Nucleo Longevity

Ergothioneine

ergothioneine · EGT

A mushroom-derived antioxidant proposed as a possible 'longevity vitamin'.

TypeSupplement / dietary

The grade answers: What does the human evidence support for: Cellular antioxidant / "longevity vitamin"?

Grade

C

Limited

The grade rates evidence quality — it is not advice to take or buy.

Class
Amino acid antioxidant
Primary use
Cellular antioxidant / "longevity vitamin"
Evidence strength
low
Last reviewed
2026-07-01

Bottom line

Genuinely interesting: the body has a dedicated transporter for it, and lower blood levels track with worse aging outcomes. But that's association — no trial yet shows that taking it changes anything.

What the evidence says

Ergothioneine is unusual because human cells express a specific transporter (OCTN1) that concentrates it in tissues under oxidative stress — a strong hint the body values it, which is why some researchers call it a candidate 'longevity vitamin'. Observational studies link lower blood ergothioneine to higher cardiovascular and mortality risk and cognitive decline. What's missing is interventional proof: no randomized trial has shown that supplementing it improves outcomes. Grade C: compelling biology and epidemiology, zero outcome trials.

Key studies

  1. [1]

    Ergothioneine blood levels and mortality/cardiometabolic risk · observational

    Lower levels associated with worse outcomes — not causal.

    Open on PubMed
  2. [2]

    Ergothioneine as a longevity vitamin (review) · review

    Argues the case from transporter biology and epidemiology.

    Open on PubMed
  3. [3]

    Ergothioneine and cognitive aging · observational

    Associations with cognition; interventional data absent.

    Open on PubMed
See all studies on PubMed

Mechanism

A potent, stable antioxidant selectively accumulated by cells via the OCTN1 transporter, concentrating in mitochondria and tissues exposed to oxidative stress; dietary sources are chiefly mushrooms.

Safety

Appears very safe in the limited human data, with high tolerability; long-term supplementation safety is not yet well characterised.

Dosage context

Dietary intake varies with mushroom consumption; supplement trials are few and doses not standardised.

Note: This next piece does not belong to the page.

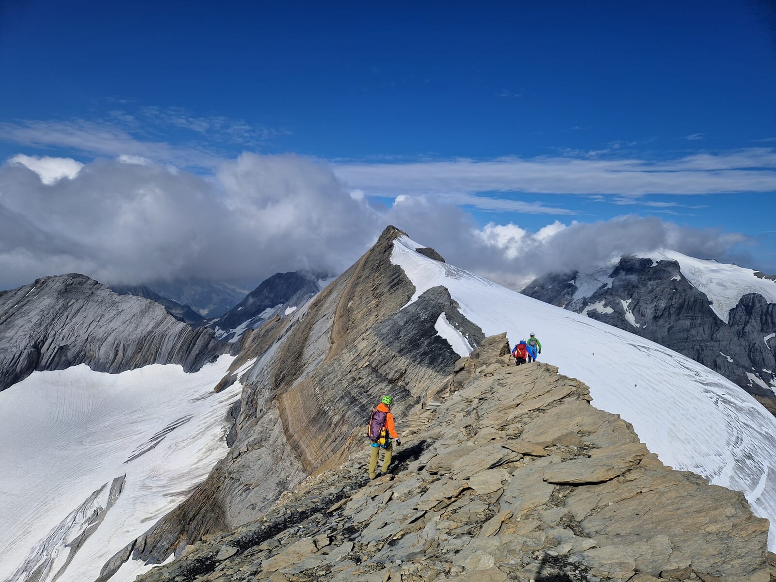 Für die Besteigung des Bifertenstocks solltest du bereits Hochtouren-Erfahrung vorweisen können. Die Benützung von Steigeisen und Pickel sollte dir vertraut sein. Auch anspruchsvollere Abschnitte in Eis, Firn und Geröll bereiten dir keine Sorgen. Zudem ist die Kondition für eine zehnstündige alpine Bergwanderung gefordert. Du solltest schwindelfrei sein und ausgesetzte Kletterpassagen bis zum 3. Schwierigkeitsgrad meistern. Idealerweise hast du schon einmal eine Tour mit uns unternommen, damit wir dein Niveau einschätzen können.

Because the evidence is associational, an 'optimal' dose is undefined.

Examples of application

  • Obtained mainly from mushrooms in the diet.
  • Supplement doses aren't standardised, since evidence is associational.
  • A 'watch this space' longevity candidate, not a proven one.

From the field

Ergothioneine is the most interesting molecule here with the least interventional proof: a dedicated transporter and strong associations, but nobody has yet shown that a pill helps. Grade C, and one of the more honest 'watch this space' entries.